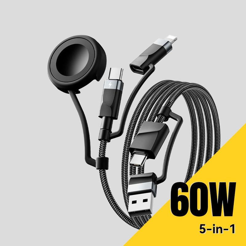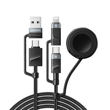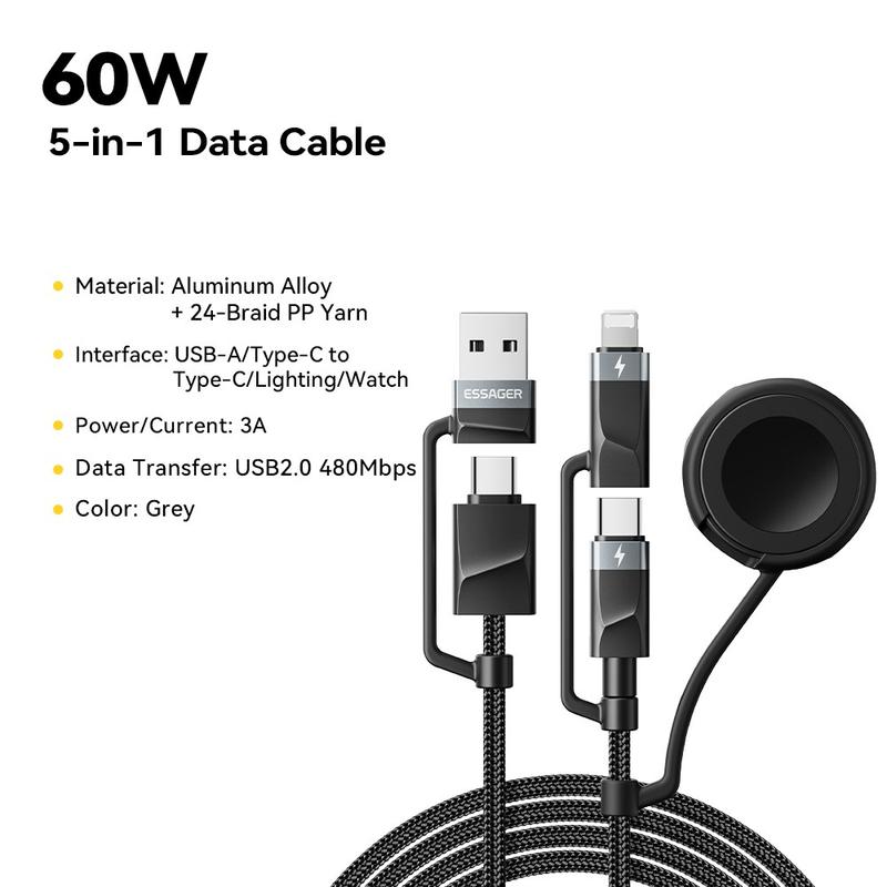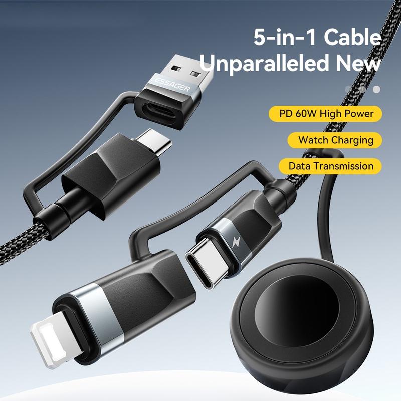 Essager 5-i-1 snabbladdningskabel 1m - PD 60 W multikabel med USB-C, Lightning, USB-A och Apple Watch-kontakt, 480 Mbps datasynkronisering
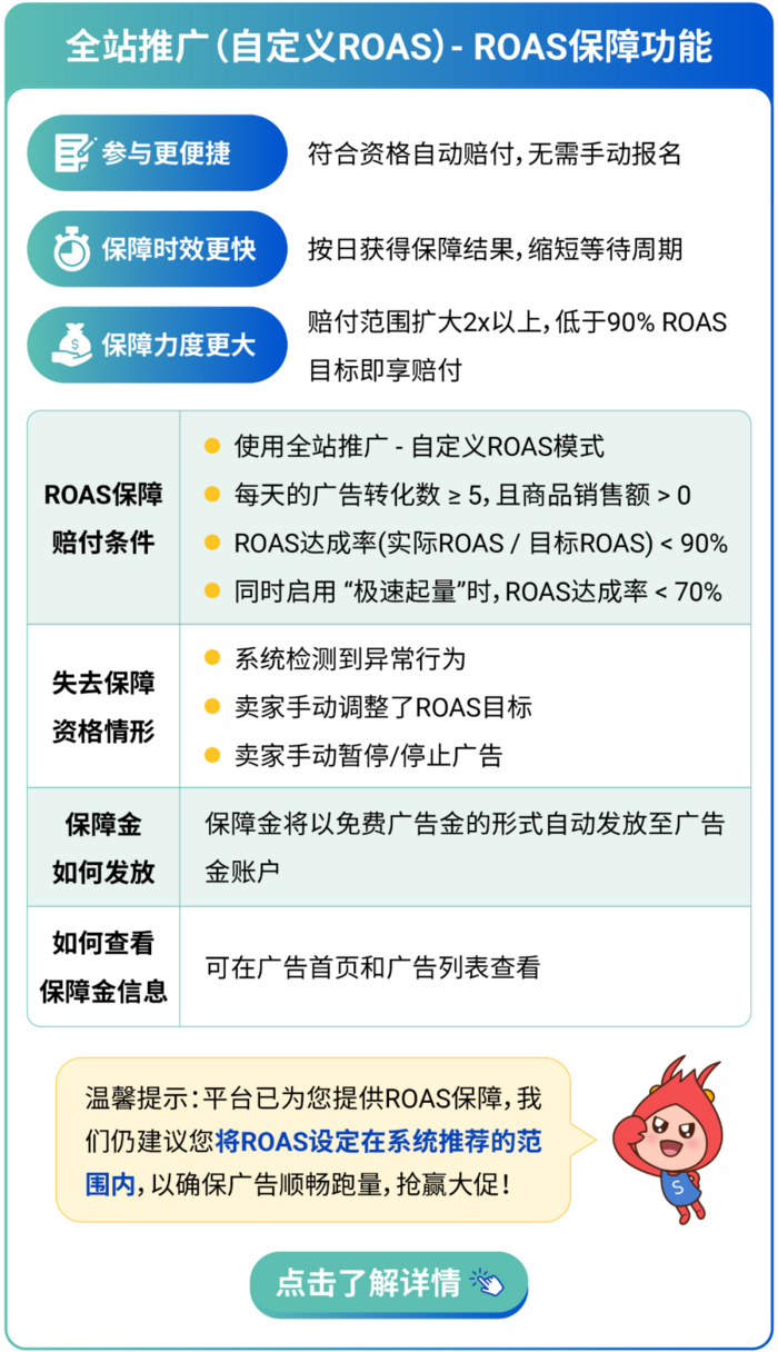 ROAS保障,旨在鼓励卖家在全站推广(自定义ROAS模式)广告活动中实现更稳定的表现。当实际ROAS(投产比)低于某一阈值,且满足ROAS保障条件时,卖家将自动获得以免费广告金形式充值的保障金。这一扶持政策商家无需手动报名即可享受。
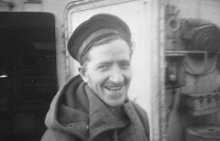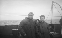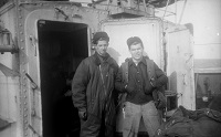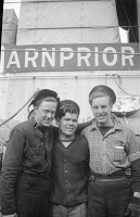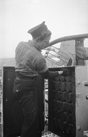 (MB55) L-R: Arthur Stenning, Marshall Burns and Ken Gough on HMCS ARNPRIOR (MB56) Marshall Burns with ship's mascot on HMCS ARNPRIOR (MB57) Marshall Burns (left) and Arthur Stenning on HMCS ARNPRIOR (MB58) L-R: Arthur Stenning, Ken Gough and Marshall Burns on HMCS ARNPRIOR (MB59) Unknown sailor by the ready-use magazine on HMCS ARNPRIOR
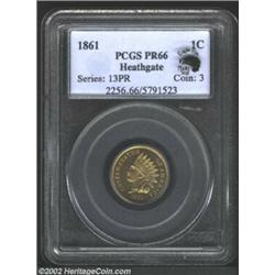 1861 1C PR66 PCGS. Eagle Eye Photo Seal. Ex: Heathgate. This is the single finest proof 1861 Indian.
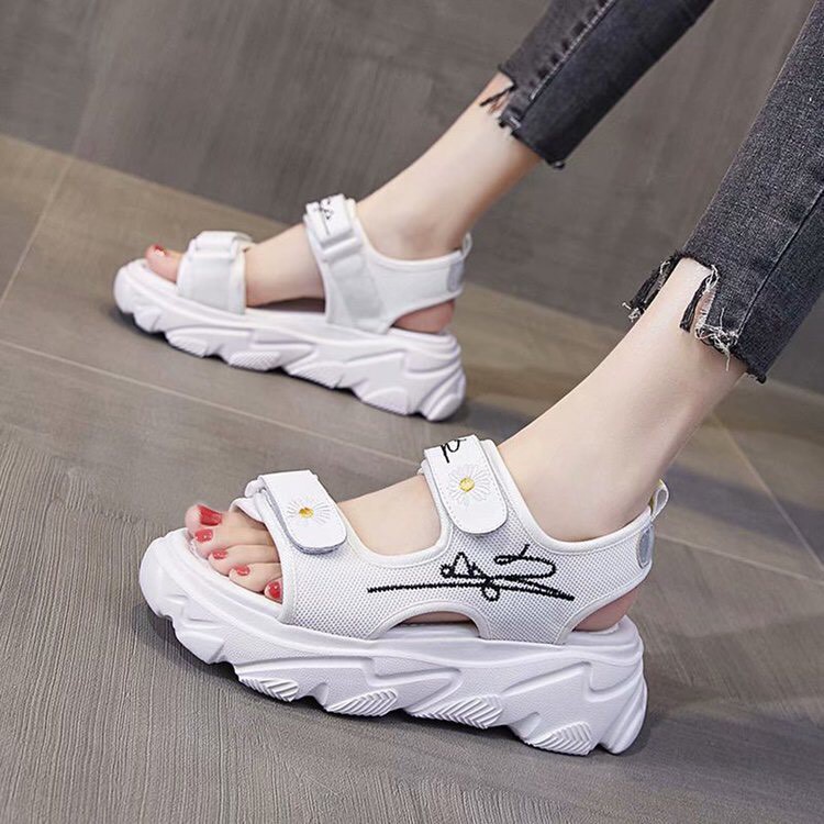 Giày Dép Nữ > Xăng-đan và dép > Xăng-đan đế bằng || (VIDEO) Sandal nữ 2 quai da phối lưới thêu hoa cúc kèm chữ ký
====
**PROMPT**
The response should contain every record above exactly as written, and none of the pictures.

**OUTPUT FOR THIS TASK**
 Essager 5-i-1 snabbladdningskabel 1m - PD 60 W multikabel med USB-C, Lightning, USB-A och Apple Watch-kontakt, 480 Mbps datasynkronisering
 ROAS保障,旨在鼓励卖家在全站推广(自定义ROAS模式)广告活动中实现更稳定的表现。当实际ROAS(投产比)低于某一阈值,且满足ROAS保障条件时,卖家将自动获得以免费广告金形式充值的保障金。这一扶持政策商家无需手动报名即可享受。
 (MB55) L-R: Arthur Stenning, Marshall Burns and Ken Gough on HMCS ARNPRIOR (MB56) Marshall Burns with ship's mascot on HMCS ARNPRIOR (MB57) Marshall Burns (left) and Arthur Stenning on HMCS ARNPRIOR (MB58) L-R: Arthur Stenning, Ken Gough and Marshall Burns on HMCS ARNPRIOR (MB59) Unknown sailor by the ready-use magazine on HMCS ARNPRIOR
 1861 1C PR66 PCGS. Eagle Eye Photo Seal. Ex: Heathgate. This is the single finest proof 1861 Indian.
 Giày Dép Nữ > Xăng-đan và dép > Xăng-đan đế bằng || (VIDEO) Sandal nữ 2 quai da phối lưới thêu hoa cúc kèm chữ ký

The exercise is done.